Add column in hive not allowed from scala/spark co

2019-07-29 14:41发布

问题:

I am trying to add a column in a Hive table if the source data has new columns. All the detection of new columns works well, however, when I try to add the column to the destination table, I receive this error:

for (f <- df.schema.fields) {
  if ("[" + f.name + "]"==chk) {
    spark.sqlContext.sql("alter table dbo_nwd_orders add columns (" + f.name + " " + f.dataType.typeName.replace("integer", "int") + ")")
  }
}

Error:

WARN HiveExternalCatalog: Could not alter schema of table  `default`.`dbo_nwd_orders` in a Hive compatible way. Updating Hive metastore in Spark SQL specific format
InvalidOperationException(message:partition keys can not be changed.)

However, if I catch the alter sentence generated and execute it from hive GUI (HUE), I can add it without issues.

alter table dbo_nwd_orders add columns (newCol int)
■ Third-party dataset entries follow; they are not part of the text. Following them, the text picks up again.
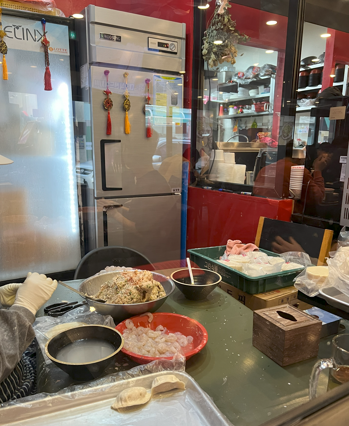 옆의 유리 부스안에서는 아주머니들이 열심히 만두를 빚고 계시네요. 통새우가 들어가는 모습을 볼 수 있습니다.
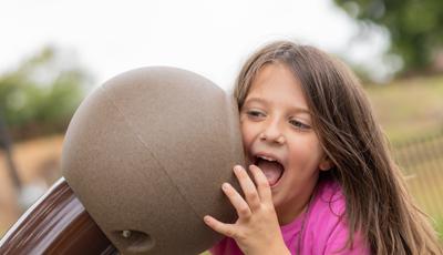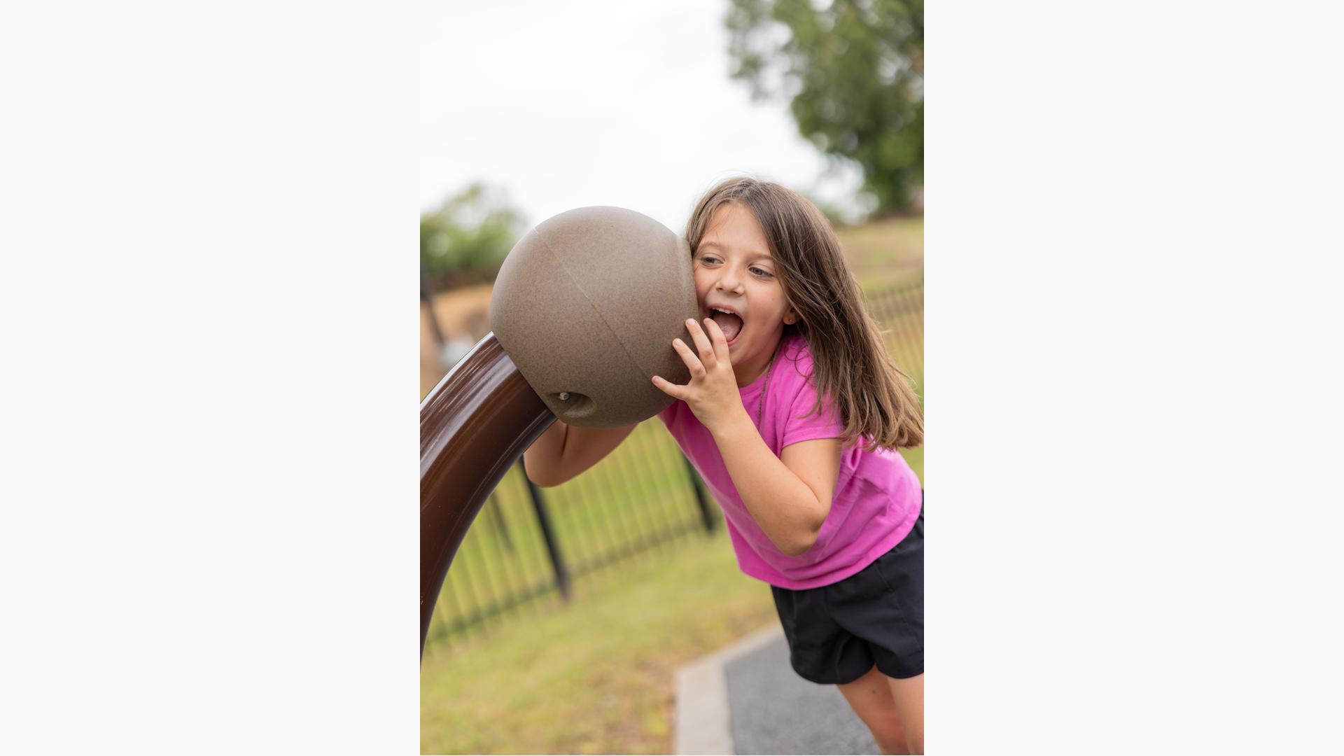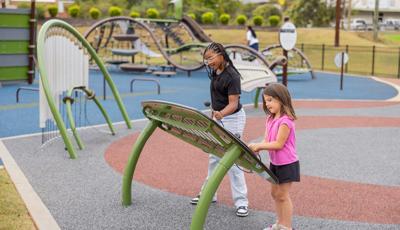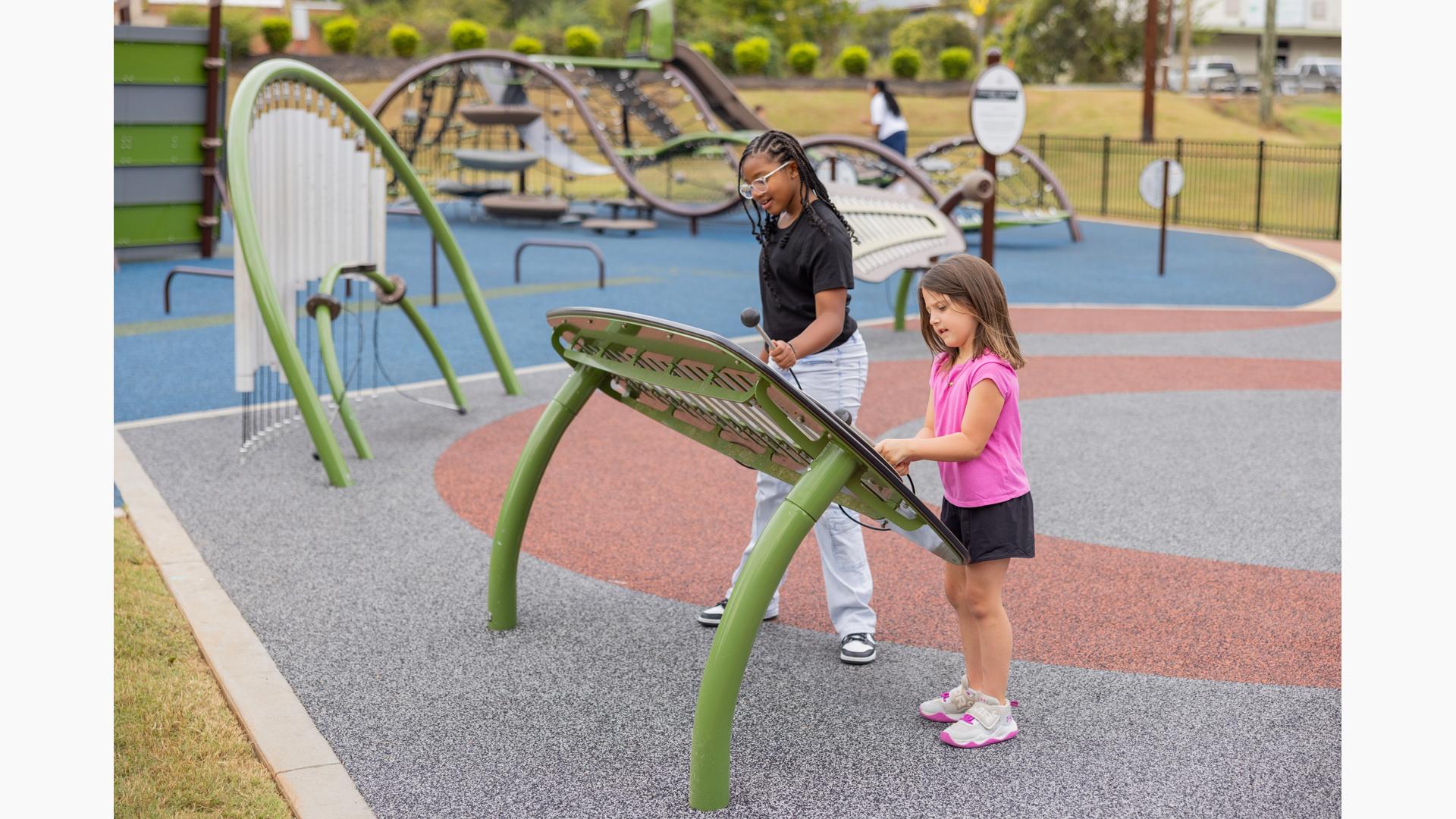 On the opposite side of the park, Rhapsody® Outdoor Musical Instruments await musicians of all ages, encouraging them to try their hand at hanging chimes, hand drums, and a giant xylophone.
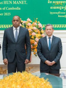 សម្តេចបវរធិបតី ហ៊ុន ម៉ាណែត ចូលរួមជាអធិបតីភាពជាមួយ ឯកឧត្តមបណ្ឌិត Roosevelt Skerrit នាយករដ្ឋមន្ត្រីនៃកុំមិនវែលដូមីនីក ក្នុងពិធីផ្លាស់ប្តូរអនុស្សារណៈនៃការយោគយល់គ្នា ស្តីពីការបង្កើតកិច្ចពិគ្រោះយោបល់ទ្វេភាគី រវាងក្រសួងការបរទេសនៃប្រទេសទាំងពីរ។ រាជធានីភ្នំពេញ ព្រឹកថ្ងៃព្រហស្បតិ៍ ទី៩ តុលា ២០២៥ The Honorable Dr. Roosevelt Skerrit, Prime Minister of the Commonwealth of Dominica, and I witnessed the signing of the Memorandum of Understanding on the Establishment of Bilateral Consultations between the two Ministries of Foreign Affairs. Phnom Penh, Thursday morning, 9 October 2025 #Cambodia #Hunmanet #Peace #៣នាទីពីសង្គមនិងនយោបាយ
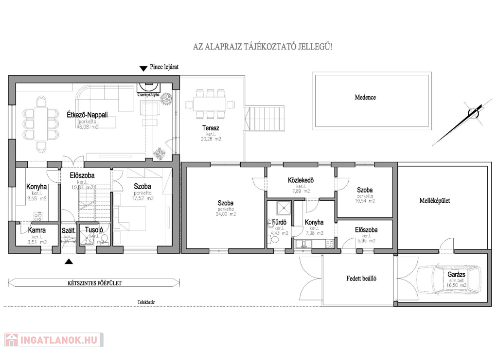 - Földszintes ház: ~60,00 m2, 2 db szoba, konyha, fürdő, közlekedő, előszoba
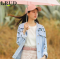 LRUD牛仔外套女2018春季新款长袖原宿bf短款外套宽松绣花学生上衣 蓝色 L
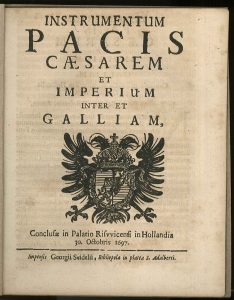 Instrumentum pacis Caesarem et Imperium inter et Galliam, conclusae in Palatio Riswicensi in Hollandia, 30. Octobris 1697. Rare Breslau ed. of the text of the Treaty of Ryswick, settling the Nine Year’s War between France (Louis XIV) and the Great...
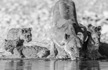 Famous for its floodlit waterhole Okaukuejo Rest Camp is also the administrative centre of Etosha. Most visitors travel though this camp with its characteristic stone tower and Etosha Ecological Institute is also situated within the camp. After sunset floodlights illuminate the waterhole. This is the best time and place to see the endangered black rhino. This archaic mammal can often be seen drinking alongside lion and elephant. The number and interaction of the animals is the major drawcard of Okaukuejo Rest Camp in Namibia.

Why that sentence is valid from the GUI and not from spark code?

Thank you very much.

回答1:

It has been said multiple times here, but just to reiterate - Spark is not Hive interface and is not designed for full Hive compatibility in terms of language (Spark targets SQL standard, Hive uses custom SQL-like query language) or capabilities (Spark is ETL solution, Hive is a Data Warehousing solution).

Even data layouts are not fully compatible between these two.

Spark with Hive support is Spark with access to Hive metastore, not Spark that behaves like Hive.

If you need to access full set of Hive's features connect to Hive directly with native client or native (not Spark) JDBC connection, and use interact with it from there.